Ночь после госпиталя ему выпало провести в бунгало южноафриканского магната. Широкая лежанка, застланная шкурами, деревянные маски над камином. Спать не хотелось. Пьер сидел в кресле, смотрел на огонь и вспоминал отсветы костра на лице Дятлова в последнюю его ночь, за несколько часов до того, как он послал Пьера в штаб с сообщением об отходе отряда.
— Что происходит, — говорил Дятлов, — когда глубину океанской впадины измеряют тросом? Рано или поздно трос обрывается под собственной тяжестью. То же происходит с причинными цепями.

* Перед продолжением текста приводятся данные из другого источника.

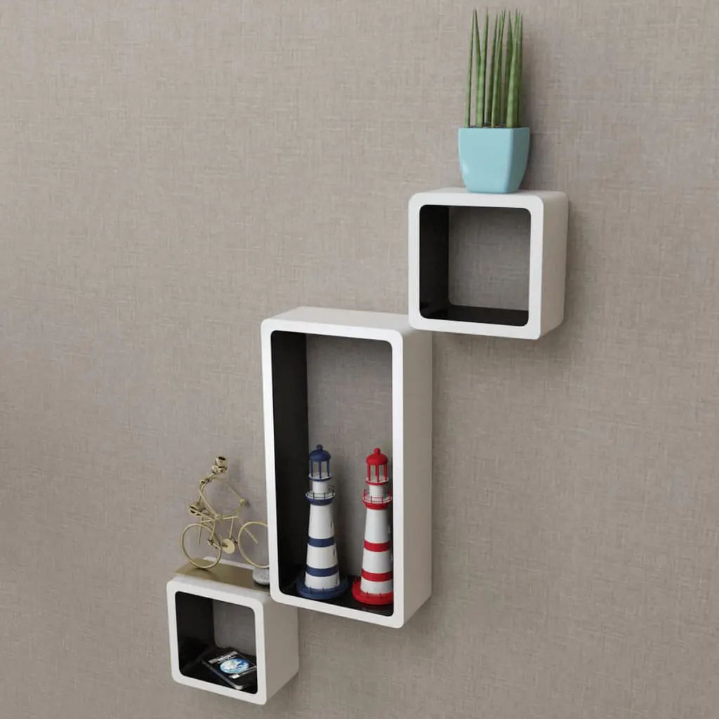 This set consists of 6 shelf cubes that will become the focal point of any room. With an invisible mounting system, these shelf cubes are easy to install and serve as the perfect place to store the items such as awards, books, collectables, ornaments, etc. These wall cubes can be mounted to the wall or just stacked on the floor to form a unique storage and display solution. You can mount them separately or together. These display shelf cubes will suit any decor and turn an empty wall into a feature! These hanging shelf cubes are made of high-quality MDF with a matte finish. Delivery includes 6 wall shelf cubes, screws and wall plugs.

При очень большой длине они изнемогают и рвутся. И тогда новый мир становится независимым от старого. Это значит, что, улетев на тысячу лет вперед, можно встретить культуру, забывшую своих отцов, столкнуться с дикостью, каннибальством…
— Значит, д'Арильи прав? — спросил Пьер. — Нет смысла стараться ради будущего?
— Вовсе нет. Разрыв преемственности не фатален. Чтобы передать будущему эстафету разума, нужно просто хорошо строить. Не пирамиды — общественный порядок, противостоящий дикости. Но и слетать туда, к потомкам — тоже ведь очень заманчиво.
— Нам отправиться туда? Может, реальнее, ждать их к нам?
— Для этого нужна машина. Откуда взять машину им, если ее не сделаю я, ты, твой внук… Двигаться по времени запрещает причинный парадокс. Вот улетишь ты лет на сорок назад и отобьешь невесту у собственного дедушки. Как тогда родится твоя мать?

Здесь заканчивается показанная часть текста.